1.1 1.1 Data

2

When you complete this section, you will be able to:

  • Give examples of cases in a data set.

  • Identify the variables in a data set.

  • Demonstrate how a label can be used as a variable in a data set.

  • Identify the values of a variable.

  • Classify variables as categorical or quantitative.

  • Describe the key characteristics of a set of data.

  • Explain how a rate is the result of adjusting one variable to create another.

A statistical analysis starts with a set of data. We construct a set of data by first deciding what cases, or units, we want to study. For each case, we record information about characteristics that we call variables.

CASES, LABELS, VARIABLES, AND VALUES

Cases are the objects described by a set of data. Cases may be customers, companies, subjects in a study, units in an experiment, or other objects.

A label is a special variable used in some data sets to distinguish the different cases.

A variable is a characteristic of a case.
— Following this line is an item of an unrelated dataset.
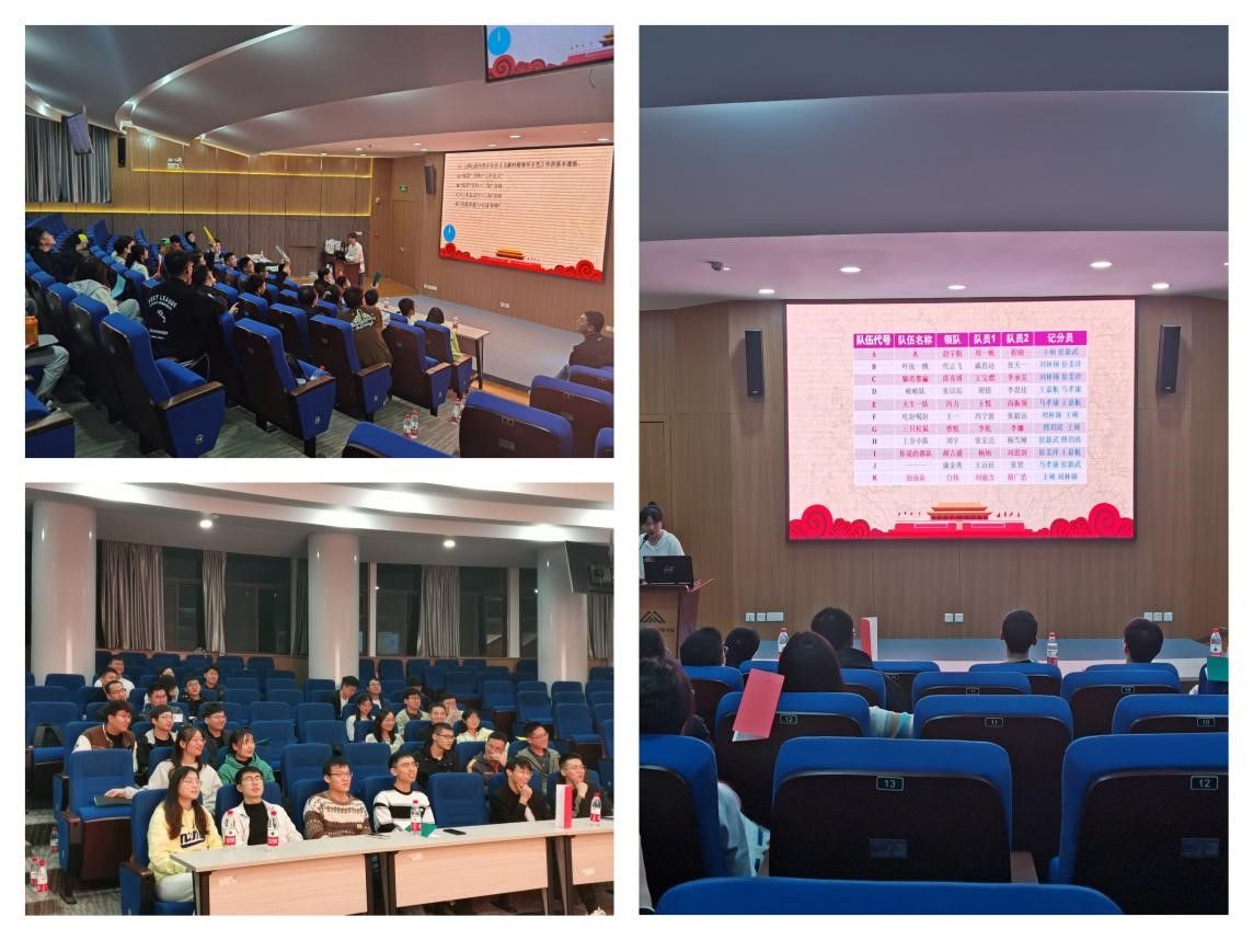 1115日晚700,本次“青春献礼二十大,强国有我新征程”学习党的二十大精神主题知识竞赛正式开始,首先主持人介绍了本次比赛的要求和规则并介绍了11支参赛队伍。本次比赛内容以党的二十大,党史等主要内容,同时增加了趣味题,疫情防控等相关题目,包括必答题、抢答题、加分题三大项。比赛过程中同学们积极抢答,奋进好学,经过激烈的角逐,最终由王宝熠、邵喜博、李承昊的队伍斩获第一名。

Different cases can have different values of the variables.

EXAMPLE 1.1

Restaurant discount coupons. A website offers coupons that can be used to get discounts for various items at local restaurants. Coupons for food are very popular. Figure 1.1 gives information for seven restaurant coupons that were available for a recent weekend. These are the cases. Data for each coupon are listed on a different line, and the first column has the coupons numbered from 1 to 7. The remaining columns gives the type of restaurant, the name of the restaurant, the item being discounted, the regular price, and the discount price.

COUPONS

image
Figure 1.1: Figure 1.1 Spreadsheet of food discount coupons, Example 1.1.

3

Some variables, like the type of restaurant, the name of the restaurant, and the item simply place coupons into categories. The regular price and discount price columns have numerical values for which we can do arithmetic. It makes sense to give an average of the regular prices, but it does not make sense to give an “average” type of restaurant. We can, however, do arithmetic to compare the regular prices classified by type of restaurant.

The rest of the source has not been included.